I don’t know how active their mail lists or bug tracker is, but maybe IRC will be quicker. Doesn’t hurt to try both the users mail list and IRC channel though.

What’s even stranger is I looked through the mail archives and couldn’t really find anything beyond what I found a little bit ago. It seems like things go into a black hole in regards to this code change. So hopefully someone with deeper knowledge of the code base (and product in general) may have a better idea.

That’s a good suggestion with respect to testing Rocky Linux 9. Migrating our live app from CentOS 7 to Rocky Linux 8 was a major undertaking, so I don’t think we will be able to actually migrate our live application to Rocky Linux 9 just for testing (as a major version upgrade would likely be a pain). However, I may spin up a new Rocky Linux 9 server over the next couple weeks and try to send a specially constructed http request, to a new PHP script, designed to trigger the bug.

Yes, there is a known limit on query string length (and env size used by FastCGI protocol)

This looks like your app has a design flaw, sending a lot of data in the URI, so using GET method

Common/best practice is to send data using POST method (and keep them hidden in the “small” URI), or to store them in a local cache or in the session.

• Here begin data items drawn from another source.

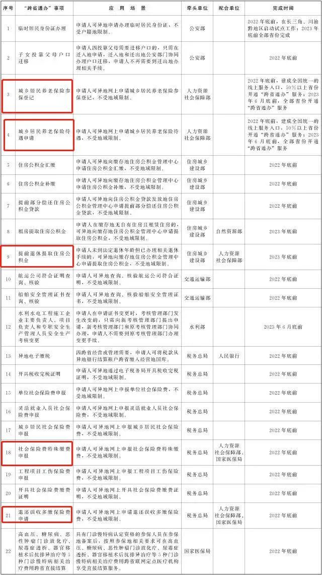 国务院办公厅日前印发《关于扩大政务服务“跨省通办”范围进一步提升服务效能的意见》,新增异地电子缴税、开具税收完税证明、单位社会保险费申报、临时居民身份证办理、城乡居民养老保险参保登记和待遇申请、5种门诊慢特病费用结算等22项政务服务“跨省通办”事项。
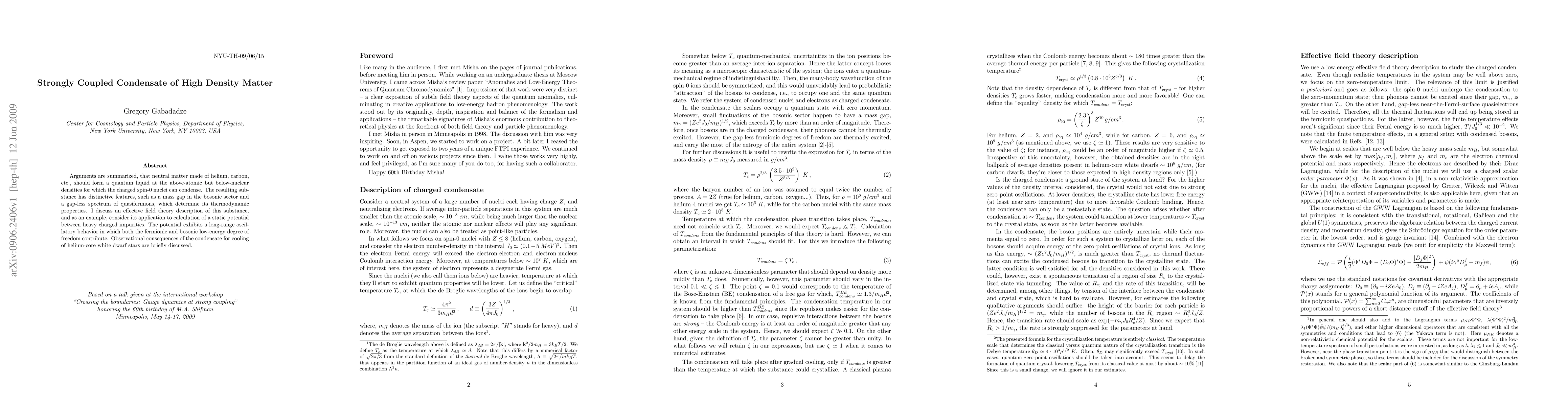 Arguments are summarized, that neutral matter made of helium, carbon, etc., should form a quantum liquid at the above-atomic but below-nuclear densities for which the charged spin-0 nuclei can condense. The resulting substance has distinctive features, such as a mass gap in the bosonic sector and a gap-less spectrum of quasifermions, which determine its thermodynamic properties. I discuss an effective field theory description of this substance, and as an example, consider its application to calculation of a static potential between heavy charged impurities. The potential exhibits a long-range oscillatory behavior in which both the fermionic and bosonic low-energy degree of freedom contribute. Observational consequences of the condensate for cooling of helium-core white dwarf stars are briefly discussed.
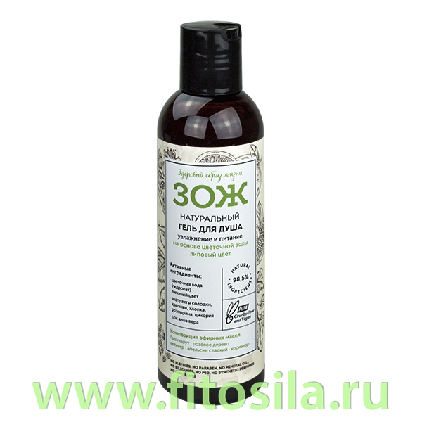 Гель для душа увлажнение и питание "ЗОЖ" создан на основе цветочной воды липового цвета.
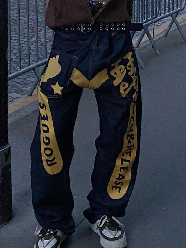 Lockere Jeans für Herren mit Totenkopf-Buchstaben-Print
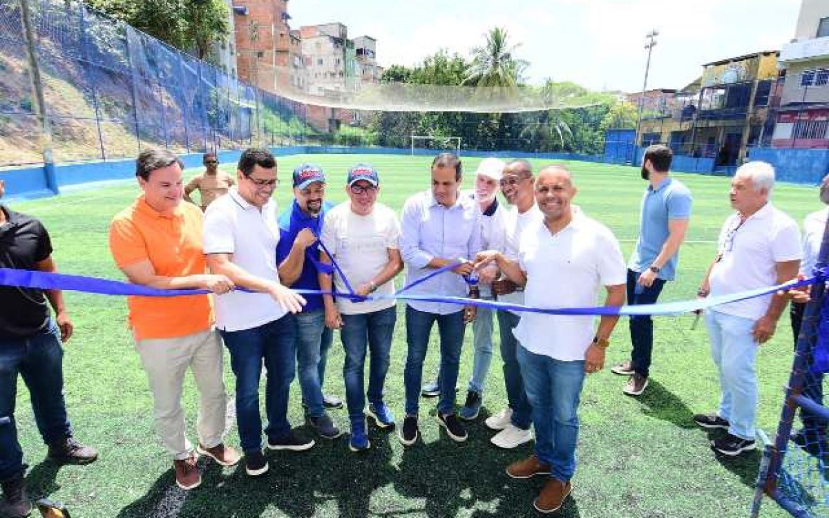 A Prefeitura inaugurou mais um equipamento esportivo com grama sintética em Salvador beneficiando, desta vez, moradores do bairro de São Rafael. O prefeito Bruno Reis e o titular da Secretaria de Promoção Social, Combate à Pobreza, Esporte e Lazer (Sempre), Júnior Magalhães, entregaram nesta sexta-feira (31) a nova Arena Recanto, localizada na entrada do Conjunto Recanto das Ilhas, oferecendo mais infraestrutura para ampliar o acesso à prática esportiva na região.

AFAIK, only workaround is to switch to mod_php (still available in EL-8, not in EL-9) so you will have some time to fix your app for the future.

1 Like

I would disagree that there is a design flaw in our app. The current behavior of FastCGI (which differs from the old mod_php) no longer allows for a successful override of the LimitRequestLine variable in Apache configuration files–and no hard-coded limit is memorialized in the Apache configuration documentation. Where is this limit “known” to Apache end-users today? In fact, the only indication of the root cause of the issue appears in a cryptic message in the Apache error_log files when the max environment size is exceeded.

Instead of using a hard-coded maximum environment size (which limits the max querystring), it should ideally be set to be to the greater of a pre-set value or the active LimitRequestLine value in Apache. If that logic were used, this bug would not exist.

This kinds of sums it up, and also confirms what @remi already hinted at: Reddit - Dive into anything

sure, you can use long query strings if you want, but it would seem to be bad practice and bad design of the web application. Short query string, OK. Long ones? Start considering POST instead.

Just because it worked before, doesn’t mean that it was correct to do it that way in the first place and therefore doesn’t mean that Apache is the bug or problem here. The application should have been designed to be more efficient.

I converted our GET requests to equivalent POST requests, and that fixed the issue with our service. However, the absolute length limit for Apache querystrings should be documented for end-users (i.e. with LimitRequestLine). It is a new, unexpected, and undocumented behavior that was difficult to track down.